Nonlinear Causal Discovery through a Sequential Edge Orientation Approach
Stella Huang, Qing Zhou
TL;DR
This work tackles nonlinear causal discovery by combining identifiability results for restricted additive noise models with a sequential edge orientation strategy. Starting from a CPDAG, the proposed PANM-based criterion identifies an orientable undirected edge, which is then directed via a likelihood-ratio test that compares competing conditional models on the relevant subgraph. The method, termed SNOE, delivers a consistent reconstruction of the true DAG in the large-sample limit and demonstrates superior accuracy and computational efficiency compared to existing nonlinear DAG learners across synthetic and real datasets, including the Sachs flow-cytometry network and Tübingen cause-effect pairs. Practically, SNOE provides a scalable, robust alternative to kernel-based and optimization-based approaches, with explicit edge-ordering and a principled orientation test that mitigate model misspecification and reduce reliance on exhaustive search over graph space.
Abstract
Recent advances have established the identifiability of a directed acyclic graph (DAG) under additive noise models (ANMs), spurring the development of various causal discovery methods. However, most existing methods make restrictive model assumptions, rely heavily on general independence tests, or require substantial computational time. To address these limitations, we propose a sequential procedure to orient undirected edges in a completed partial DAG (CPDAG), representing an equivalence class of DAGs, by leveraging the pairwise additive noise model (PANM) to identify their causal directions. We prove that this procedure can recover the true causal DAG assuming a restricted ANM. Building on this result, we develop a novel constraint-based algorithm for learning causal DAGs under nonlinear ANMs.
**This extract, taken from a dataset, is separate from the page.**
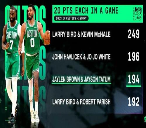 布朗和塔圖姆第194次單場得分均20+,凱爾特人隊史雙人組第三
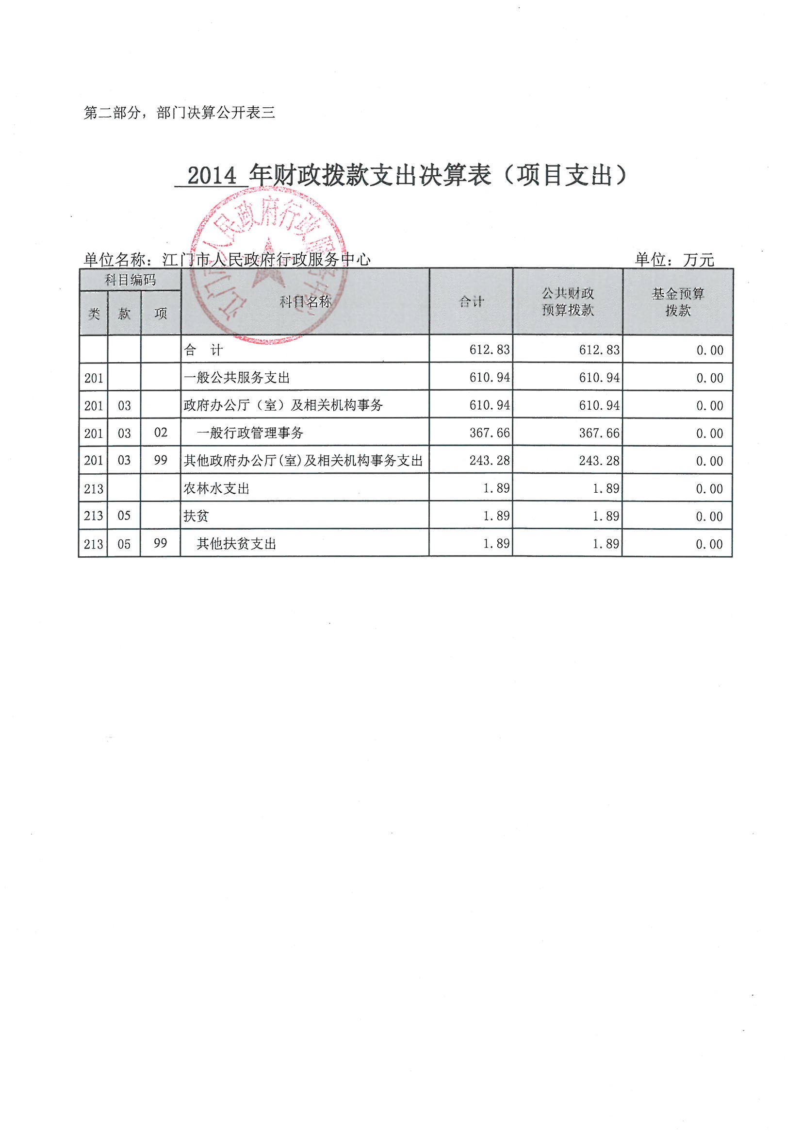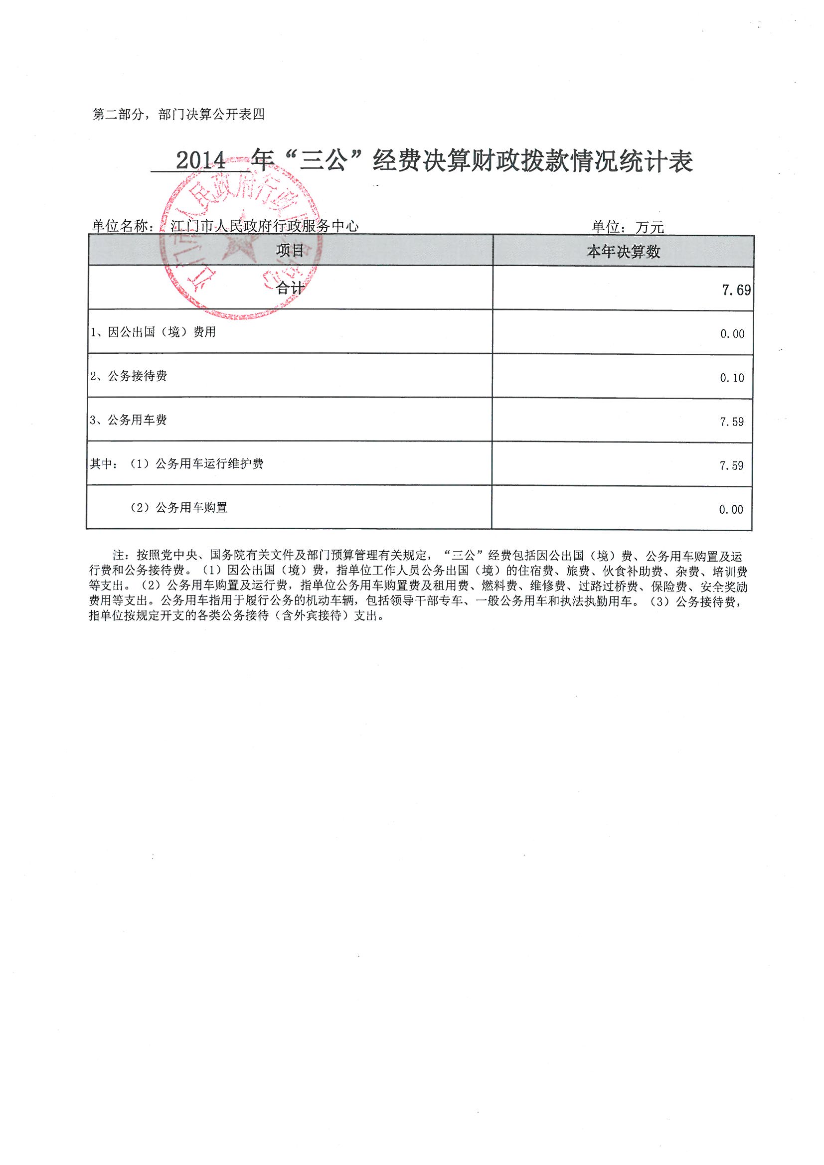 2014 年开云电竞官方网站人民政府行政服务中心(含下属单位)用财政拨款开支的出国(境)经费、车辆购置及运行费、公务接待费(简称“三公”经费)支出合计7.69万元。

Given an estimated CPDAG, we develop a ranking procedure that sorts undirected edges by their adherence to the PANM, which defines an evaluation order of the edges. To determine the edge direction, we devise a statistical test that compares the log-likelihood values, evaluated with respect to the competing directions, of a sub-graph comprising just the candidate nodes and their identified parents in the partial DAG. We further establish the structural learning consistency of our algorithm in the large-sample limit. Extensive experiments on synthetic and real-world datasets demonstrate that our method is computationally efficient, robust to model misspecification, and consistently outperforms many existing nonlinear DAG learning methods.